▶

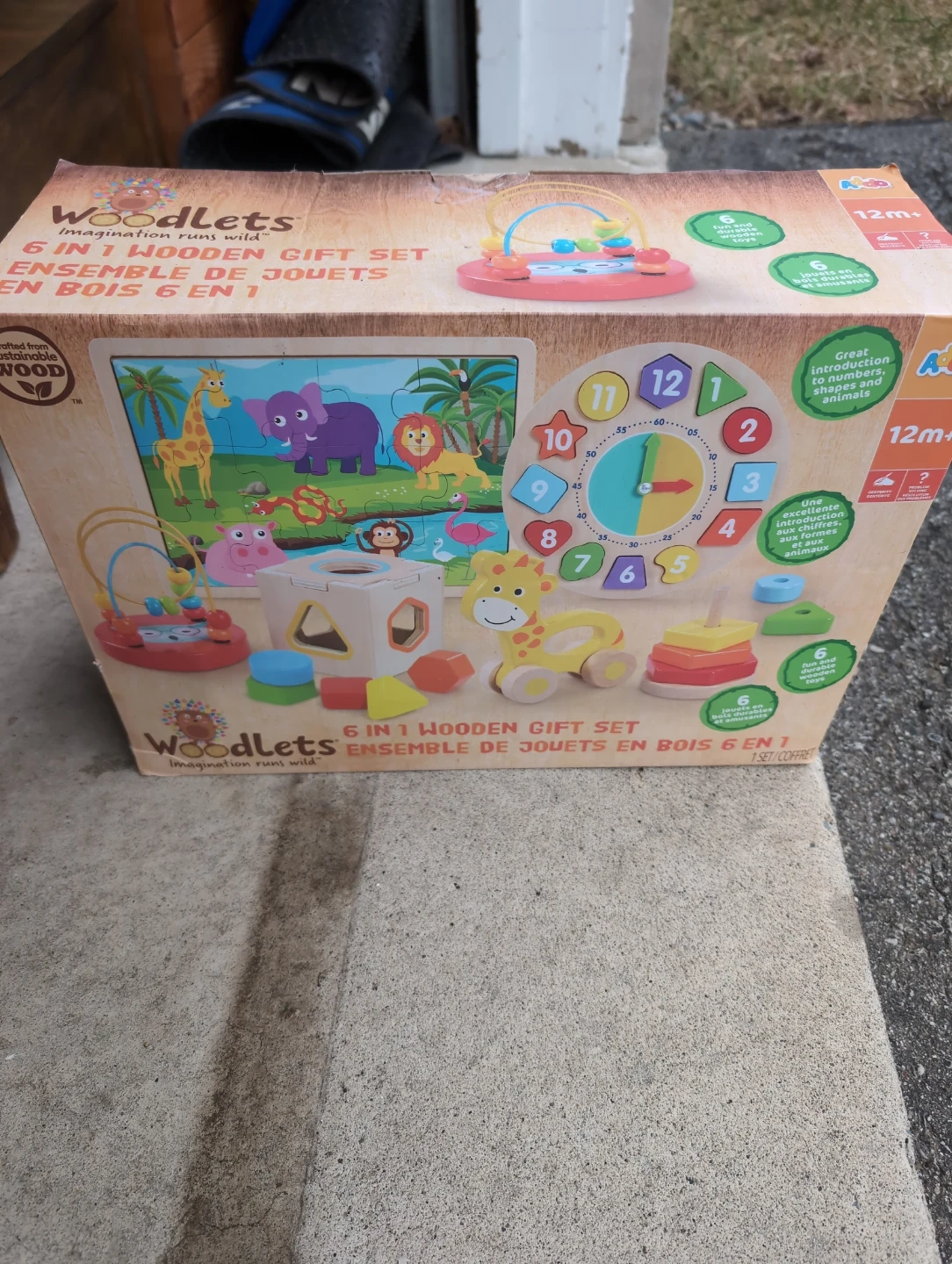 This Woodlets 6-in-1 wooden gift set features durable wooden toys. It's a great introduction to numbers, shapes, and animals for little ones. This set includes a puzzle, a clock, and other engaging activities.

◀
▶

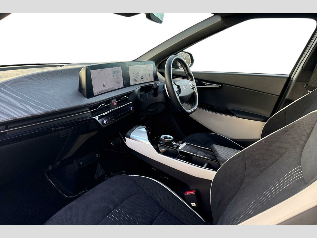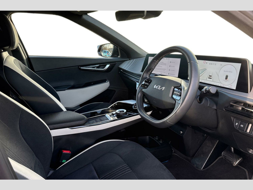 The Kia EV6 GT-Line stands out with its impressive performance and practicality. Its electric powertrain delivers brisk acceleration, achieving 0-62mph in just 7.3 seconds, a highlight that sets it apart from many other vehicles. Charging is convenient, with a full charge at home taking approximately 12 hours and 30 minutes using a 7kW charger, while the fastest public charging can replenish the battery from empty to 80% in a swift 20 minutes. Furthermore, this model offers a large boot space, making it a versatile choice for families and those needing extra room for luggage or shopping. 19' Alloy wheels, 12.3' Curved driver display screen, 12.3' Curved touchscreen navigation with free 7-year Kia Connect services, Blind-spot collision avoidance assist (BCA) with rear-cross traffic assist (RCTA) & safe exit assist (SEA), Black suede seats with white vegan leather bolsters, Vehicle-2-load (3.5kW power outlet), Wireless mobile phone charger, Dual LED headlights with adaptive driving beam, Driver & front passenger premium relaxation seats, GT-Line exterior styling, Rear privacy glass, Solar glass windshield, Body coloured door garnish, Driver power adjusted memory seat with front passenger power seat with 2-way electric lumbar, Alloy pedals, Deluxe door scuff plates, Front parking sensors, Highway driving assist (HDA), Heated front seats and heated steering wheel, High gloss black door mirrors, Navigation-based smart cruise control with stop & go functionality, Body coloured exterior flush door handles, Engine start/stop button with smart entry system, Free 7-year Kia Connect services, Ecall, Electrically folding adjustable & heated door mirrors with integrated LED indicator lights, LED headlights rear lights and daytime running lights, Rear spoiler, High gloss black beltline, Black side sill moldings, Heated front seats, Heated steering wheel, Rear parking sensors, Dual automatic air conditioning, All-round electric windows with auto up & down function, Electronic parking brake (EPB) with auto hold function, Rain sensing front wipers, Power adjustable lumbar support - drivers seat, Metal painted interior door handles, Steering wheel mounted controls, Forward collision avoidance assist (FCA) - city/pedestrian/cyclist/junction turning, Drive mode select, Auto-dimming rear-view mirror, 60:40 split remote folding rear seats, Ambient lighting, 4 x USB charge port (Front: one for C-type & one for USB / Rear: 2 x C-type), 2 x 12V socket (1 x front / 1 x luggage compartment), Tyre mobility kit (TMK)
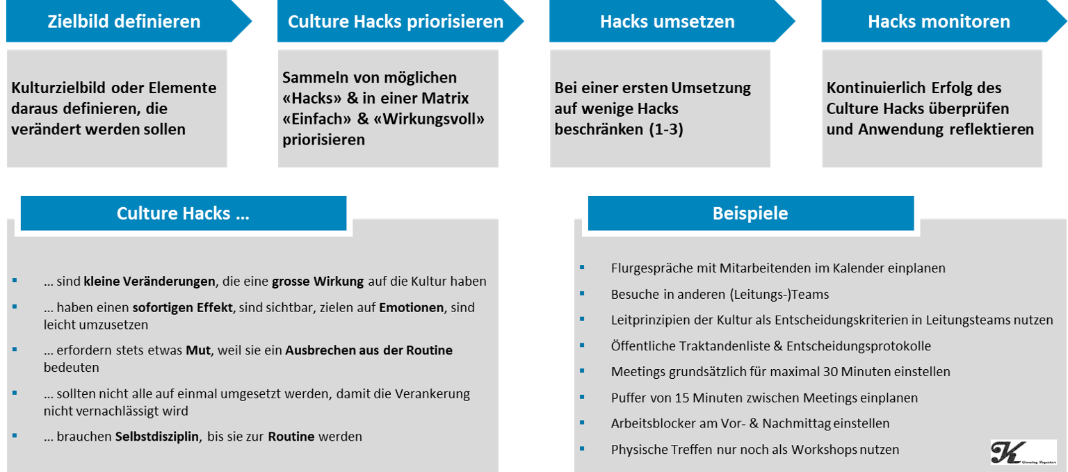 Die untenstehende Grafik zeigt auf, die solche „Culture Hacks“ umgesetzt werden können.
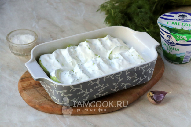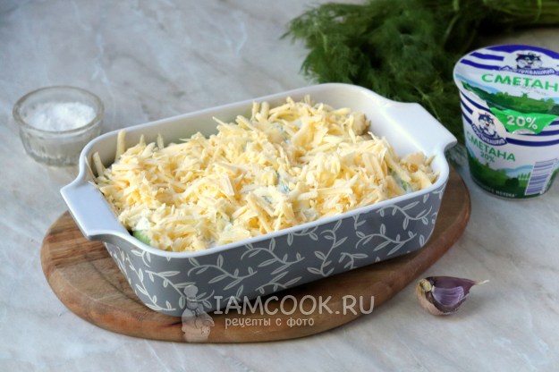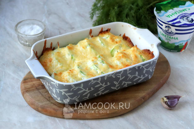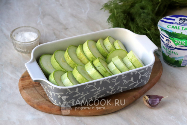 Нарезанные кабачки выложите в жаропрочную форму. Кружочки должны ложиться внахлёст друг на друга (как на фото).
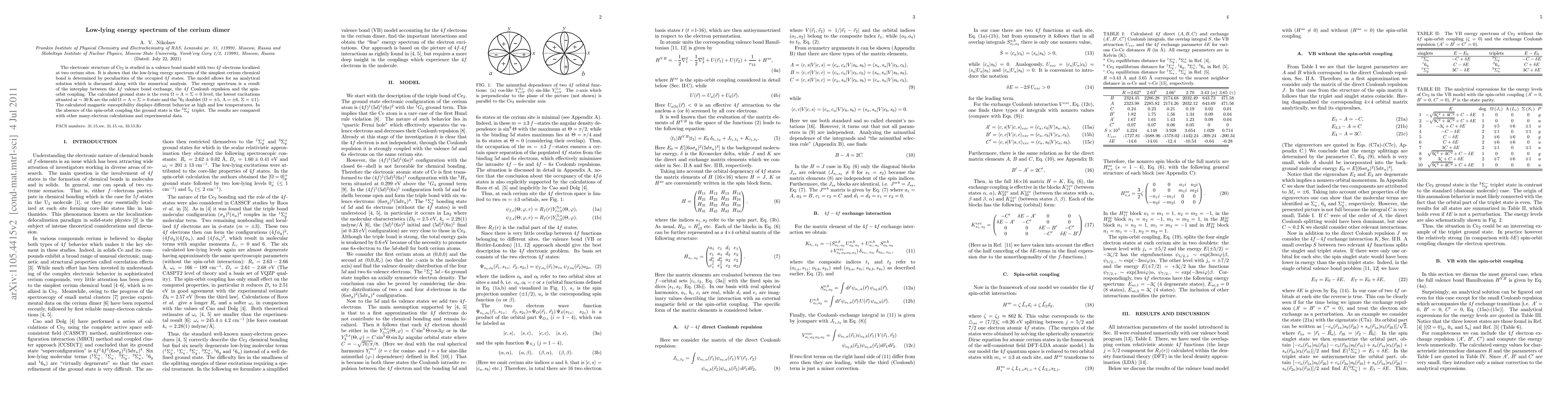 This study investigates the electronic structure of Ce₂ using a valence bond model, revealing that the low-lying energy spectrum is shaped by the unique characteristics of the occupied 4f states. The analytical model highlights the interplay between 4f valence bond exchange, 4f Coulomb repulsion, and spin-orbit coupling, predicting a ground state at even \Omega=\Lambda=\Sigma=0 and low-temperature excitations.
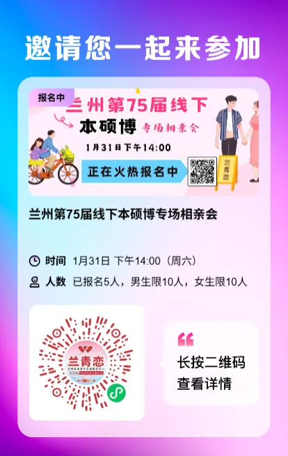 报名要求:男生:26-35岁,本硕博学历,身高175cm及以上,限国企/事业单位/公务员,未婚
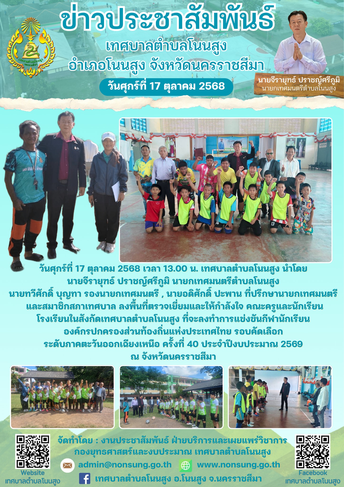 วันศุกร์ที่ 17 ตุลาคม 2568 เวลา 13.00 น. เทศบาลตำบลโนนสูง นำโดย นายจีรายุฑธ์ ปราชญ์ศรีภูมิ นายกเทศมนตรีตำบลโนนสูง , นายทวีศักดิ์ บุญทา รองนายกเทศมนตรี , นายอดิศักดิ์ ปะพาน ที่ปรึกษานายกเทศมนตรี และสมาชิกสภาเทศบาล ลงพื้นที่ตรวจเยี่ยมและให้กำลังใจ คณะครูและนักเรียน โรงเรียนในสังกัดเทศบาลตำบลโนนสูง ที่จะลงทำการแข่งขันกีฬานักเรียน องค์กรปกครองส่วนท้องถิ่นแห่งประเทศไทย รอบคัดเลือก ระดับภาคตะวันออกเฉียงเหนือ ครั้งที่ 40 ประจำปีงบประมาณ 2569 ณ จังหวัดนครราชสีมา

◀
▶

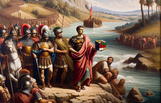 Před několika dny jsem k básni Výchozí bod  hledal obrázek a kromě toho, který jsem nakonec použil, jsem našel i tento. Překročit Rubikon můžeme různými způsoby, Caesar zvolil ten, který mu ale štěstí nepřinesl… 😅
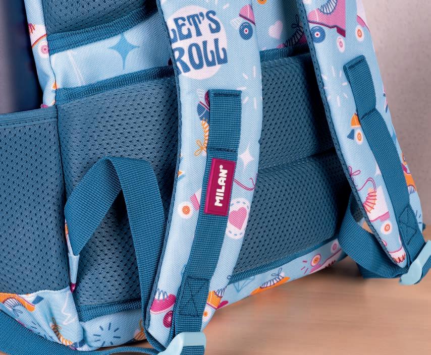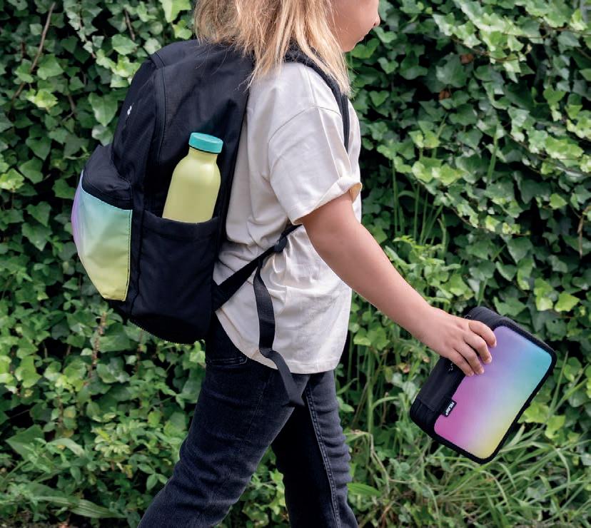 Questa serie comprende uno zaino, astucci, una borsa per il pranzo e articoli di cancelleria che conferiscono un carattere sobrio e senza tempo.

◀

__Required work__. What should come back is an exact copy of the lines above from the line with "Die untenstehende Grafik" to the line with "Нарезанные кабачки выложите", both included, minus the pictures.

__The completed task__.
 Die untenstehende Grafik zeigt auf, die solche „Culture Hacks“ umgesetzt werden können.
 Нарезанные кабачки выложите в жаропрочную форму. Кружочки должны ложиться внахлёст друг на друга (как на фото).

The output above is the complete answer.